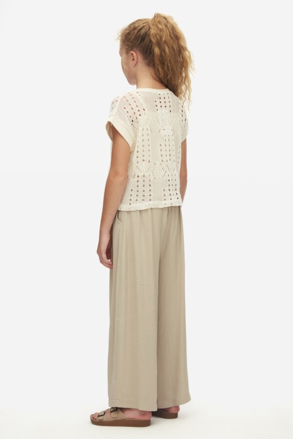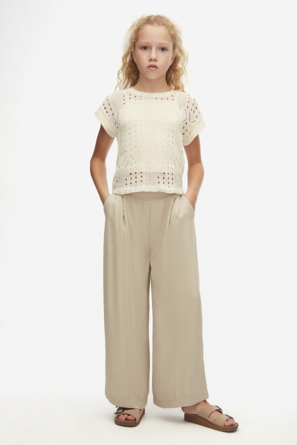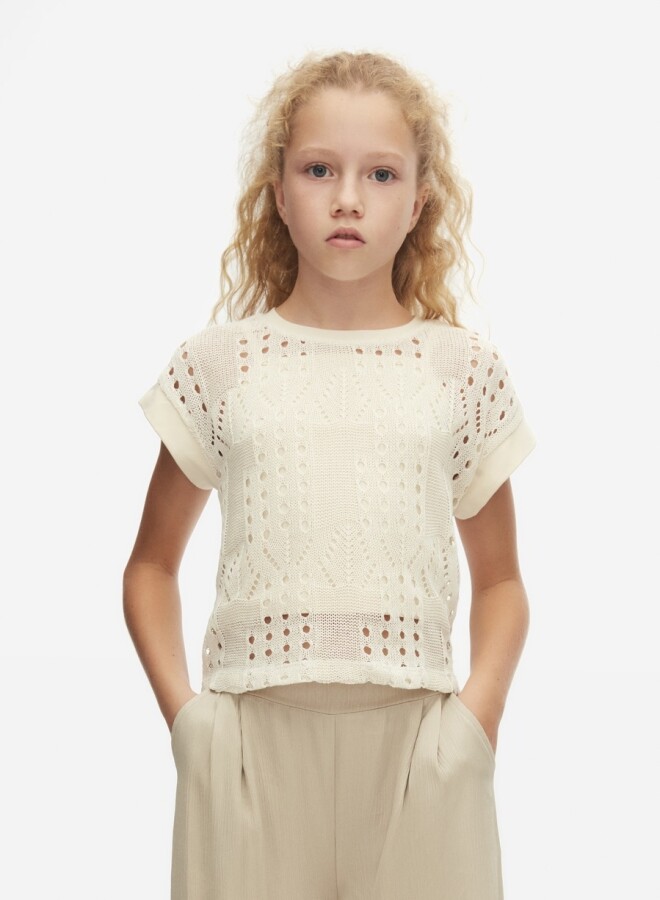 Bu şık kız çocuk tişörtü, hafif dokusu ve modern tasarımı ile yaz aylarının vazgeçilmezi. Krem rengi, her türlü pantolon veya etekle mükemmel uyum sağlar. Kısa kollu yapısı ile rahat bir kullanım sunar.
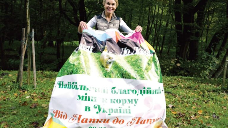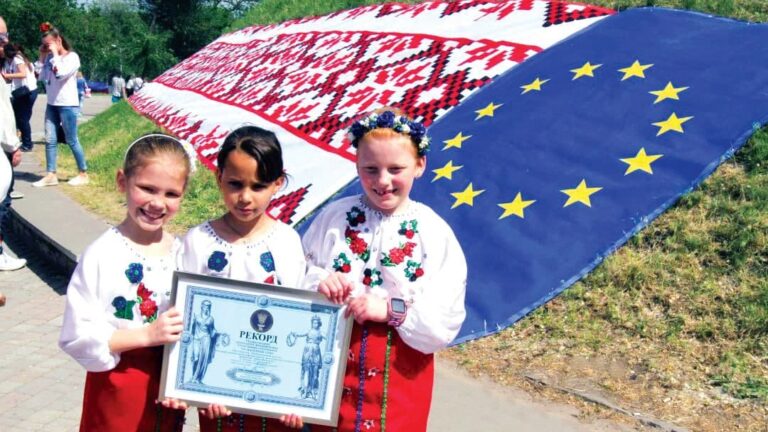 Найбільший орнамент вишиванки, сплетений стрічками на банерній сітці
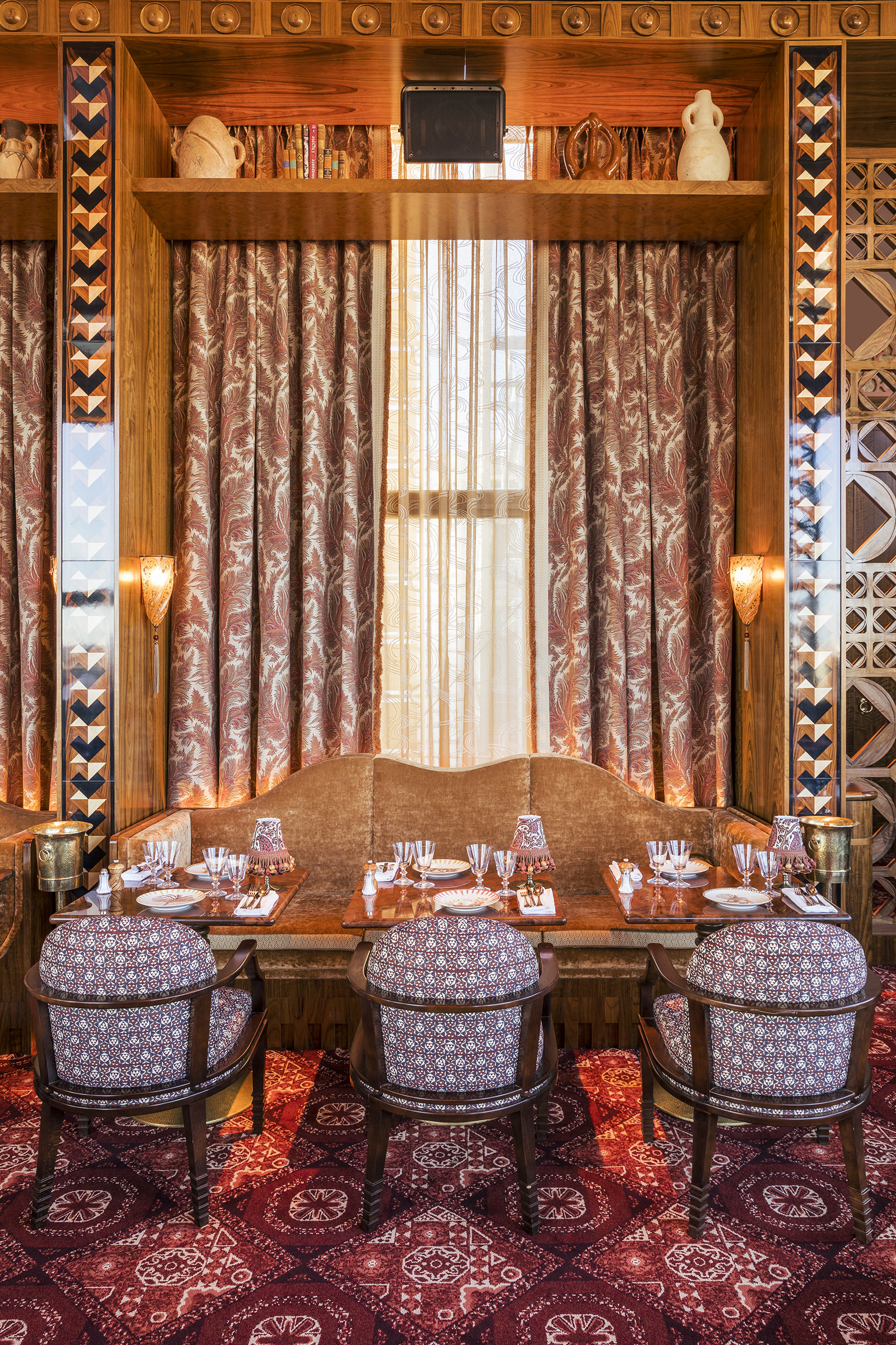 For this project, Paris Society called on the architect Laura Gonzalez, who created for Dar Mima an oriental paradise on the rooftops of Paris. A place infused with Arab hospitality, a bridge between East and West, like the IMA. In the plate, the dishes write a greedy and inspired score, that of a kitchen of sharing. From man'ouché to fattouche, from pastilla to tajine, oriental culinary influences are mixed in this mixed cuisine where the quest for taste and openness are the key words.
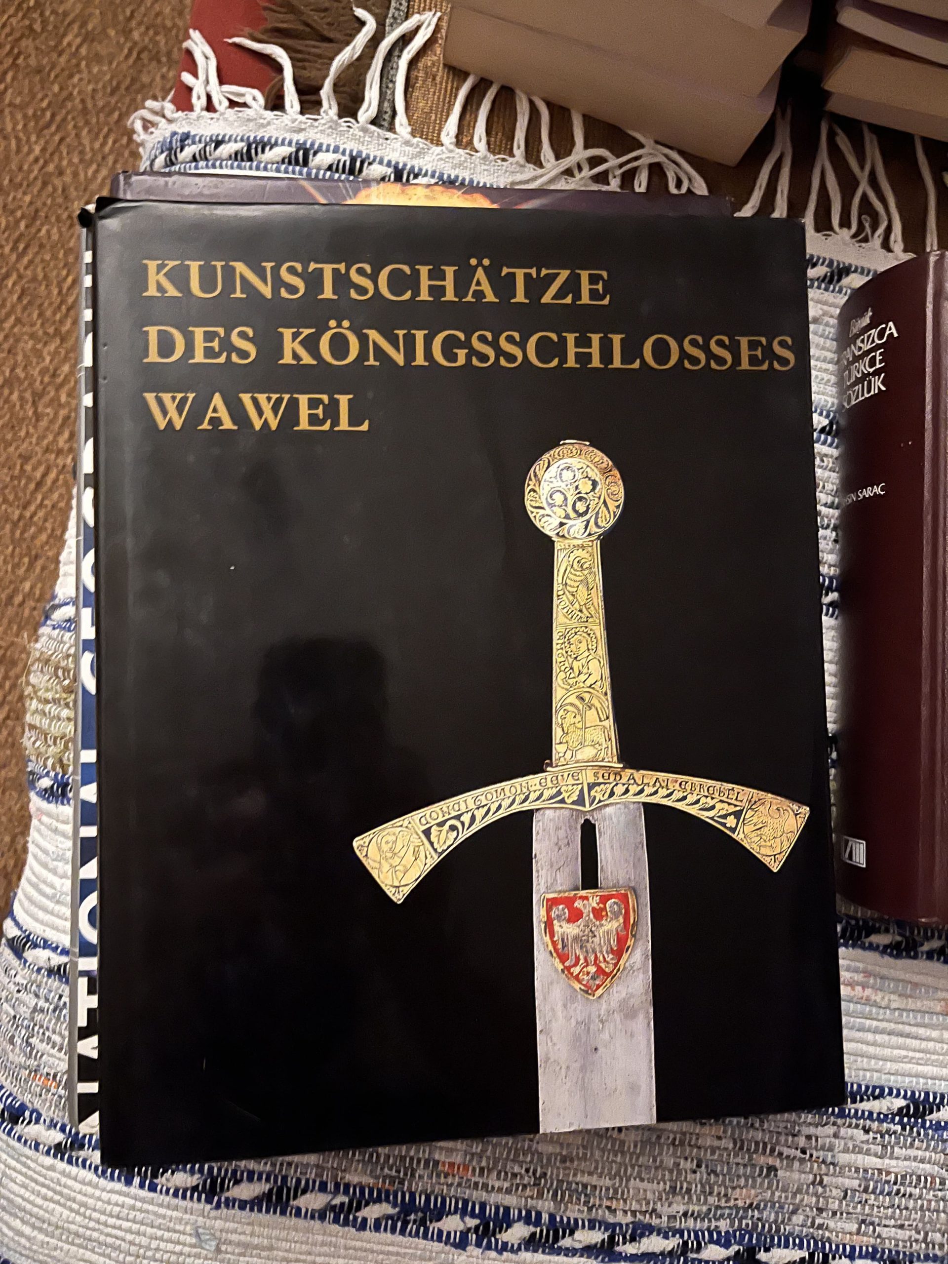 Kara kaplı olan, Wawel Kraliyet Şatosu’nun Sanat Hazineleri adlı bir çalışma. 50 sayfa kadarı Almanca, kalanı tamamen resim. Kitap, Kraków’daki (Polonya) Wawel Kraliyet Şatosu’nun tarihsel serüvenini Polonya monarşisinin yükseliş ve çöküşleriyle birlikte ele alıyor, şatodaki sanat eserlerini (14-16. yüzyıl) iktidar, temsil ve kültür politikalarının somut izleri olarak okuyor.
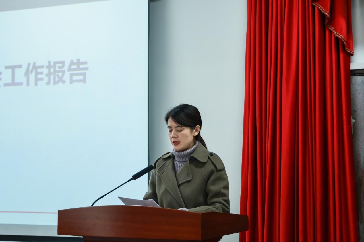 大会第五项,院工会主席陈欧阳作2024年度工会工作报告。她从建设关爱教职工身心健康的“温暖之家”、建设民主监督和民主管理的“民主之家”、建设助力教师成长和学院发展的“发展之家”三个方面,介绍了2024年学院工会工作,并表示2025年学院工会将继续推进“三家工程”,发挥工会在文化建设、沟通桥梁、制度保障等方面的积极作用。
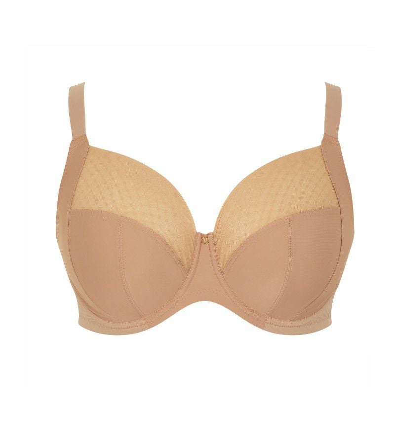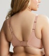 4枚のパネルを縫製したフルカップ。それぞれ4方向からバストを整え、綺麗なシルエットで着用いただけます。カップ上部の透け感のあるストレッチレースはバストの丸みに柔らかく沿い、顔まわりを明るく見せてくれます。カップ下部は上質なファブリックを使用。裏地をつけずにシンプルに仕上げています。普段使いにオススメです。
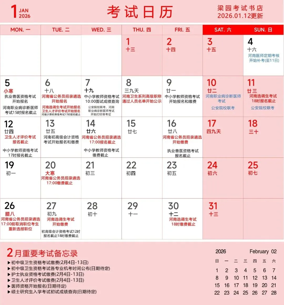 河南考区2026年度初中高级会计专业技术资格考试考务日程安排及有关事项的通知
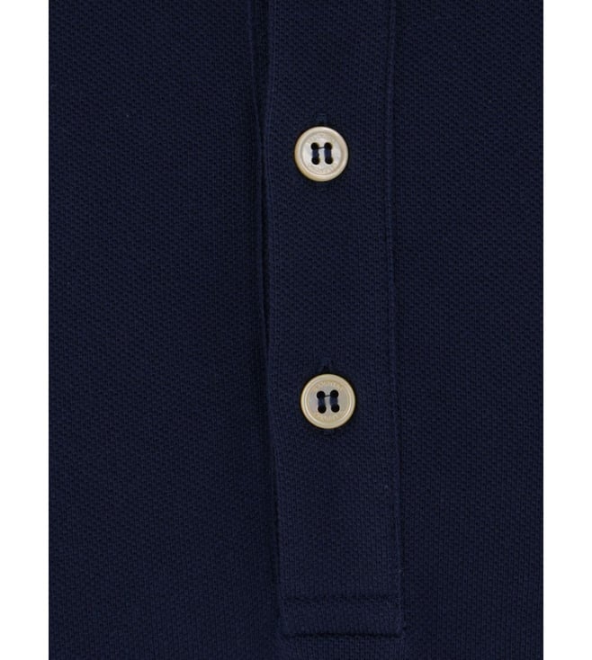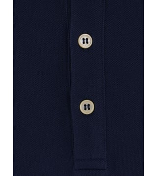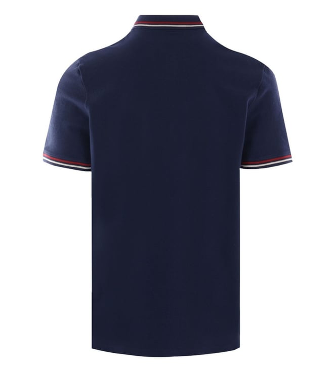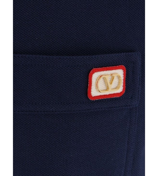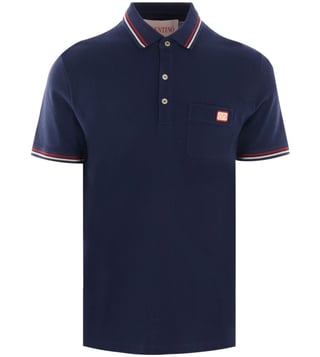 Elevate your style with the Valentino Garavani Navy Blue polo t-shirt. Short front button fastening chest patch pocket striped edge short sleeves.
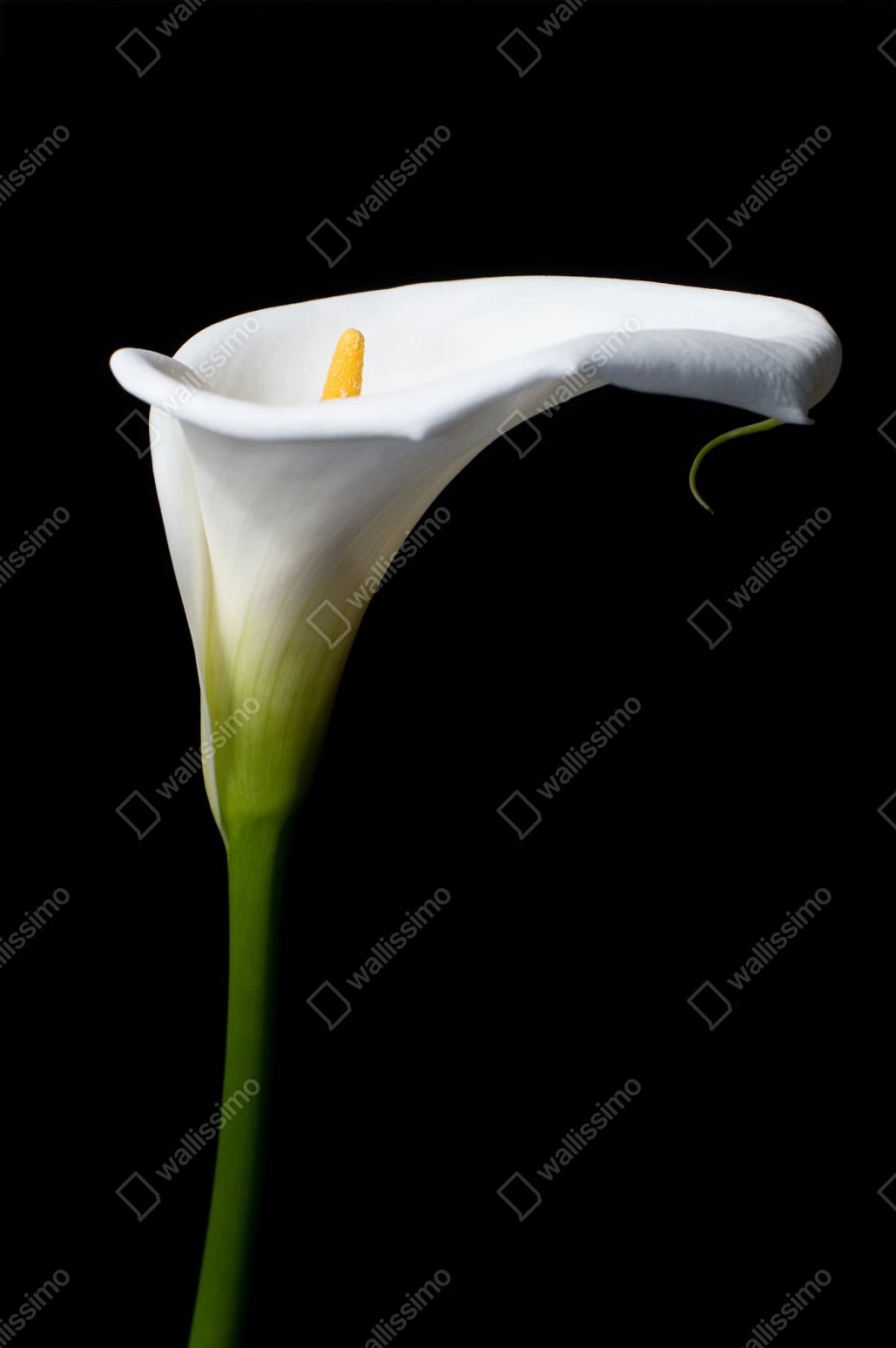 Repositionierbarer Aufkleber Elegante weiße calla auf schwarzem hintergrund

§

**WORK TO COMPLETE:** Without any pictures, output exactly the lines from the start of the material through the line that contains "Найбільший орнамент вишиванки, сплетений", and only those.

**SOLUTION TO THIS PROBLEM:**
 Bu şık kız çocuk tişörtü, hafif dokusu ve modern tasarımı ile yaz aylarının vazgeçilmezi. Krem rengi, her türlü pantolon veya etekle mükemmel uyum sağlar. Kısa kollu yapısı ile rahat bir kullanım sunar.
 Найбільший орнамент вишиванки, сплетений стрічками на банерній сітці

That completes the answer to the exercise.